Woodward also argued that her administration had been forced into opening the Trent facility by court decisions and City Council ordinances that forbid enforcement of homelessness camping laws if shelter beds aren’t available, and that make it onerous to wind down shelter space once it has been created.
The mayor’s proposed budget also continues a hiring freeze announced earlier this year for positions that don’t directly increase revenues or decrease costs.
“There will be tighter scrutiny on hiring for open positions,” Coddington said. “We’ll evaluate if positions are still needed or if the job description is right, and this just means there’s added scrutiny on whether a position is needed or not right now.”
Zappone questioned whether continuing to keep positions open, as opposed to either cutting them permanently or recommending new revenue to bring them back, was avoiding addressing the long-term problem of unsustainable staffing costs.
“The hiring freeze does not actually solve the budget gap,” he said. “It’s a permanent gap – are we permanently pausing that hiring? That’s eliminating positions. We can’t bring them back because there’s no additional revenue, unless we go to voters and ask for a tax increase.”

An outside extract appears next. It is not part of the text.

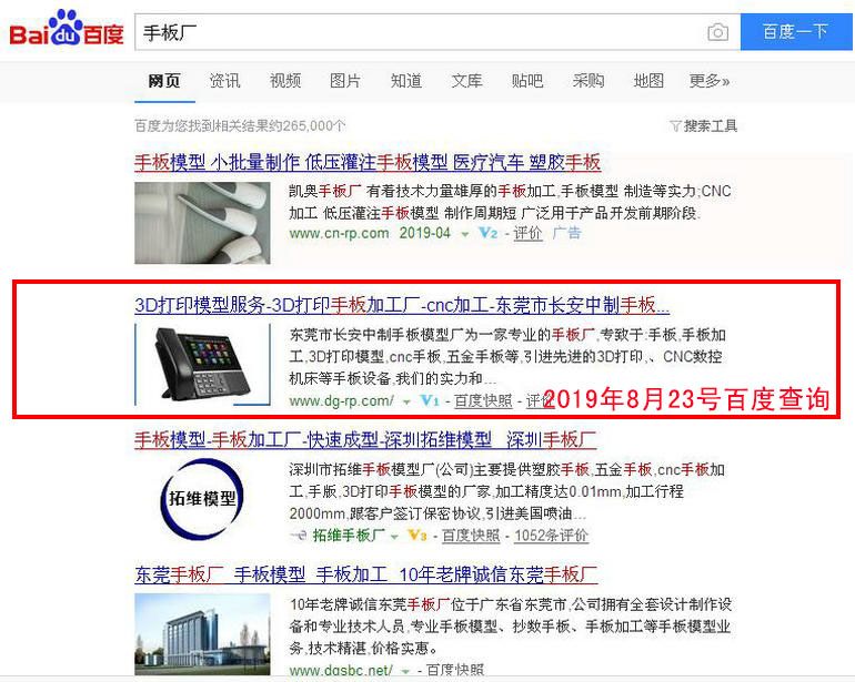 手板加工 百度(PC)自然排名第1名

The mayor’s proposed 2024 budget does largely freeze overall growth in spending next year, increasing only 0.2% over the 2023 budget, which itself increased 5.6% compared to 2022.
Over half, or 55%, of the proposed general fund budget would go to the police and fire departments.

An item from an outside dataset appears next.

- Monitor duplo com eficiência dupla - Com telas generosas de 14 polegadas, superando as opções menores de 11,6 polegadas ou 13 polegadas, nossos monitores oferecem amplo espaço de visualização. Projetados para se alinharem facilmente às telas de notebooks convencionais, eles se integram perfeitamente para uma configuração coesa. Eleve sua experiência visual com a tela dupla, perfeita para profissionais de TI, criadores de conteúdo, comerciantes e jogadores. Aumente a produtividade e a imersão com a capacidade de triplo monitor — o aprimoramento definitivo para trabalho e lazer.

The mayor has proposed cutting 19 positions in the fire department. Those cut firefighter positions come from the “fire relief pool,” city spokesman Brian Coddington said last month when the cuts were called for in the mayor’s preliminary budget. Those are positions working each shift beyond minimum staffing requirements, typically backfilling a spot left vacant by a firefighter on sick or holiday leave. A recent study suggested the positions could be cut without the city dropping below minimum standards of service, Coddington added at the time.
The Spokane Police Department is by far the largest single expense in the city’s $243 million general fund, with the mayor proposing spending $85 million on police next year, up from $73 million in 2023.
Kinnear wondered whether that budget increase was appropriate, noting the belt tightening currently taking place in other city departments and that the City Council office’s budget was cut last year.
“I want to make sure we’re being prudent and not asking for a Cadillac when a Chevy would do,” she said.